5 septembre 2010

Les grandes blondes, de Jean Echenoz

Voici un roman que j'avais de toutes façons très envie de lire, depuis que je l'ai feuilleté chez une amie qui entame une thèse de doctorat sur cet auteur.  Sachant que quelqu'un que je sais saine d'esprit envisage la possibilité d'écrire plusieurs centaines de pages d'analyse sur une oeuvre, moi je ne peux pas résister à la curiosité de savoir à quoi ça ressemble.  J'ai reçu en cadeau deux romans d'Echenoz : "Les grandes blondes" et "Courir".  Et je me suis aventurée à la recherche d'une grande blonde...


Résumé :

Vous travaillez pour la télévision.  Comme vous souhaitez produire une série sur les grandes filles blondes au cinéma, mais aussi dans la vie, vous pensez faire appel à Gloire Abgrall qui est un cas particulier de grande blonde.  On l'a vue traverser, dans les journaux, les pages Arts et spectacles puis les pages Faits divers du côté des colonnes Justice, il y a quelques années.  Ce serait bien, pensez-vous, de lui consacrer une émission.  Certes.  Malheureusement, Gloire est un peu difficile à joindre. 
(quatrième de couverture)


Mon avis :

Par où commencer pour vous parler de cette expérience littéraire déroutante ?  Par le début du roman, probablement.  

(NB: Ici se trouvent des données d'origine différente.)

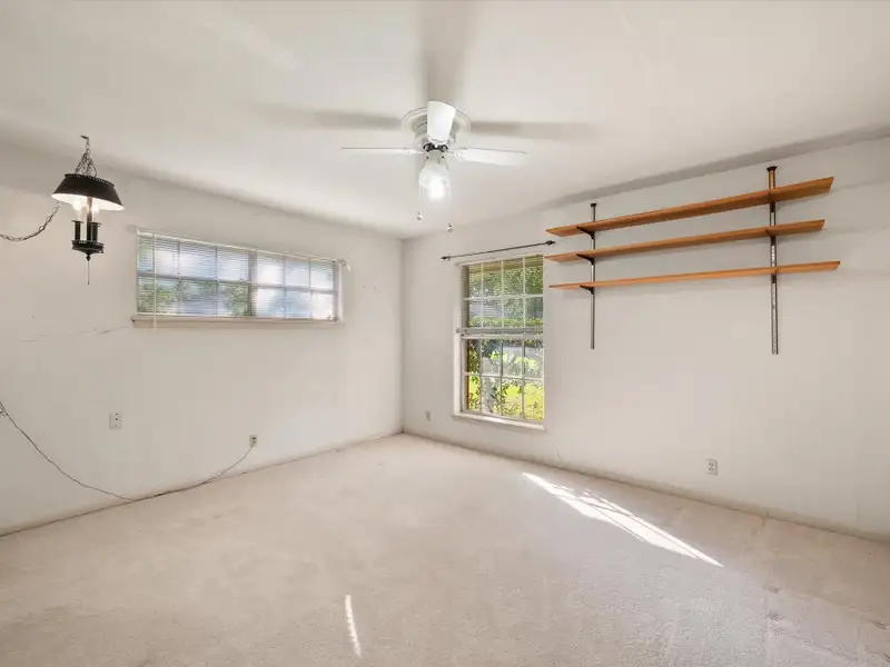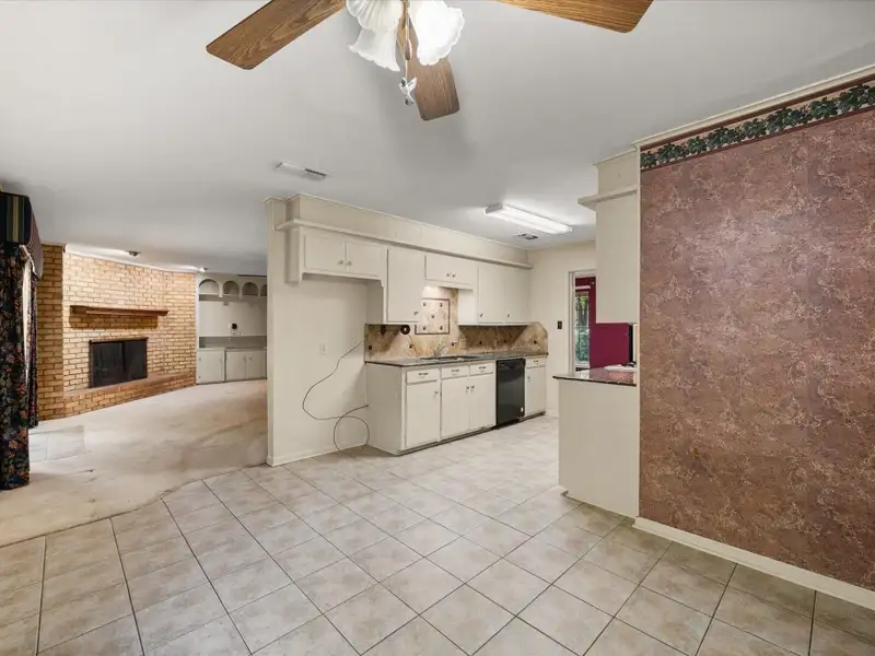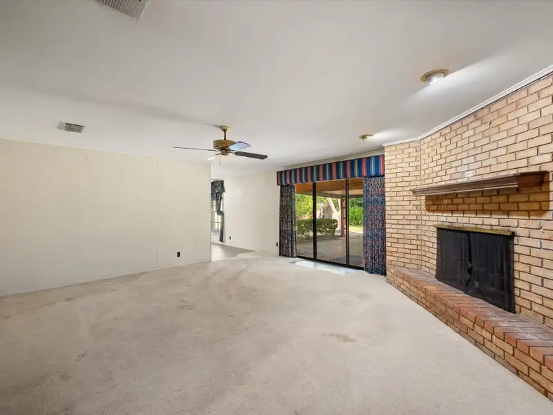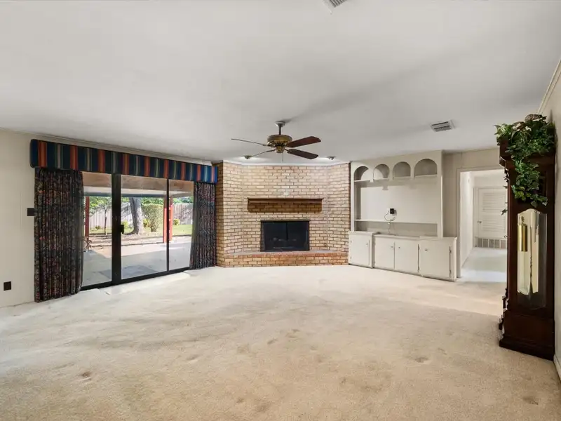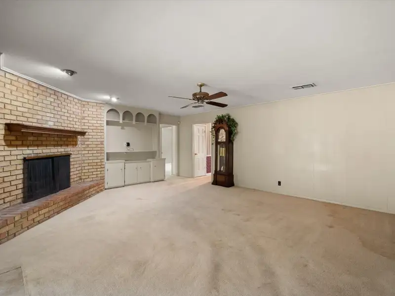 - Brick fireplace with built-in shelving

Et on peut dire que ça commence bien. Dès la première phrase, l'auteur interpelle le lecteur par un procédé narratif inattendu : "Vous êtes Paul Salvador et vous cherchez quelqu'un."  Qui ?  Moi ?  Oui, vous. L'auteur explique gentiment que moi, lectrice, je suis à la recherche d'une ancienne star de la chanson à la carrière éphémère, qui a disparue de la circulation après avoir été condamnée pour meurtre.  Il m'apprend que j'engage une société de détectives privés, lesquelles voient sans cesse la demoiselle leur filer entre les doigts après avoir fait preuve de comportements plutôt extrêmes.  Puis je deviens quelqu'un qui cherche Paul Salvador, histoire d'avoir l'occasion de faire sa connaissance. Et quand l'auteur abandonne ce petit artifice de language, le lecteur est déjà trop impliqué dans l'aventure pour ne pas continuer à tourner les pages.

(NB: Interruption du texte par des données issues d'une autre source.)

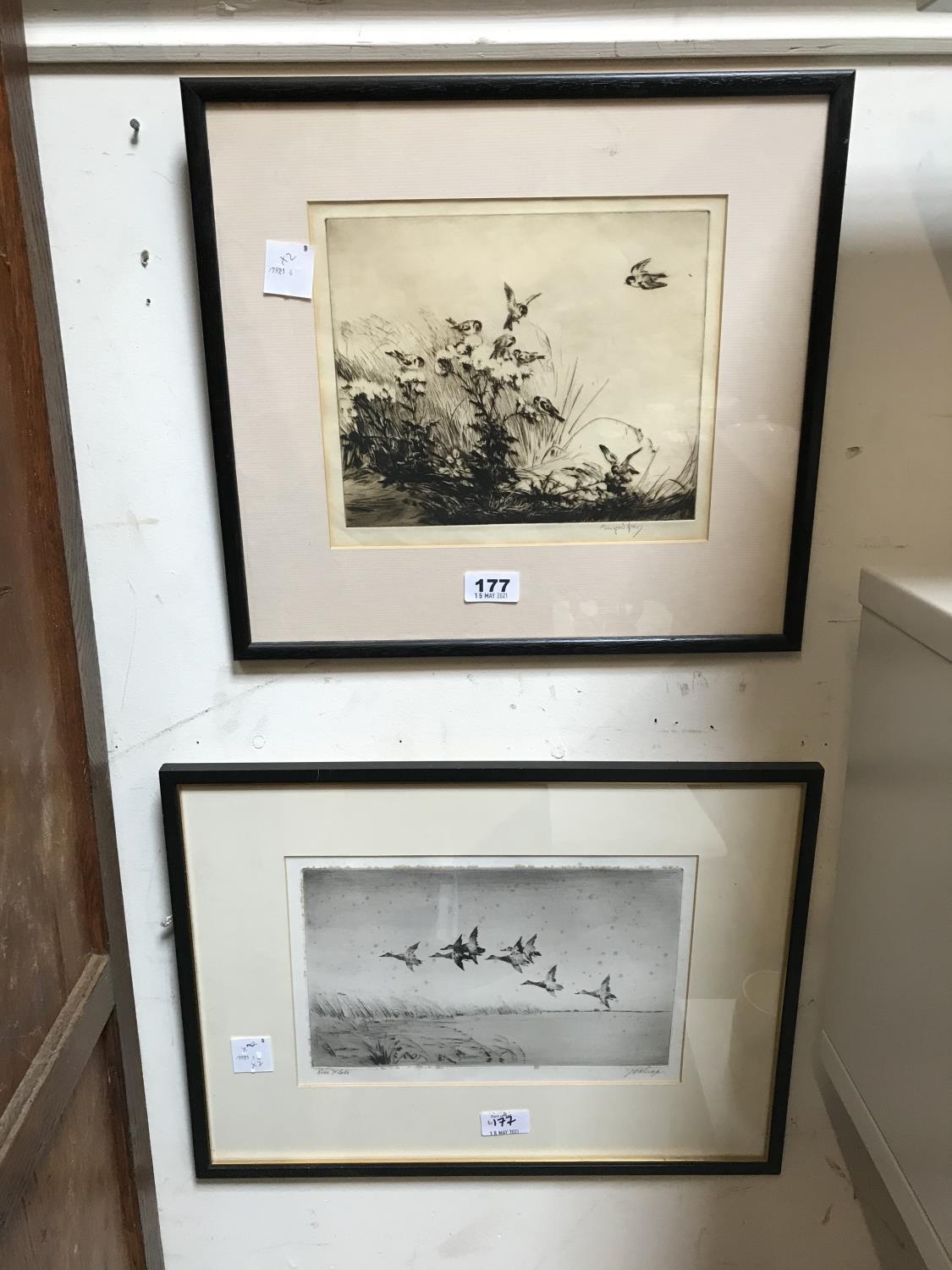 George Soper signed etching of Goldfinches; and another signed etching (2)

D'autant plus que dès le début, la langue simple et agréable d'Echenoz nous offre quelques petites citations à croquer. Un exemple :
"Le temps avait changé (pluie fine) et Donatienne aussi s'était changée.  Cela n'était pas tout de suite perceptible mais, son imperméable tombé, ce qu'elle portait se révéla plus exigu que la veille encore, si court et décolleté que ces adjectifs tendaient cette fois à se confondre, envisageaient de s'installer et vivre à deux dans la même entrée du premier dictionnaire venu."
Autre orginalité du même style : le petit personnage de Béliard qui accompagne Gloire dans sa folie, et dont la présentation déjà vaut son pesant d'or :
"Au mieux, Béliard est une illusion.  Au mieux il est une hallucination forgée par l'esprit déréglé de la jeune femme.  Au pire il est une espèce d'ange gardien, du moins peut-il s'apparenter à cette congrégation.  Envisageons le pire.
S'il en est vraiment un, né trop moche et trop petit pour être officiellement reconnu par une confrérie soucieuse de son physique de cinéma, tout de suite on l'a placé à l'Assistance.  A moins qu'on l'ait abandonné sur une aire d'autoroute à l'occasion d'un déplacement, d'une procession, d'un congrès d'anges à l'étranger, cadenassé par son auréole de service à un poteau indicateur.  Toujours est-il que très jeune il lui a fallu se débrouiller seul, mettant à profit malgré tout les dons et qualités conférés par sa naissance.  Mais ignoré des siens, renié par sa hiérarchie, peut-être même frappé d'interdiction professionnelle, c'est en free-lance qu'il exerce le métier, hors cadre et le plus discrètement possible."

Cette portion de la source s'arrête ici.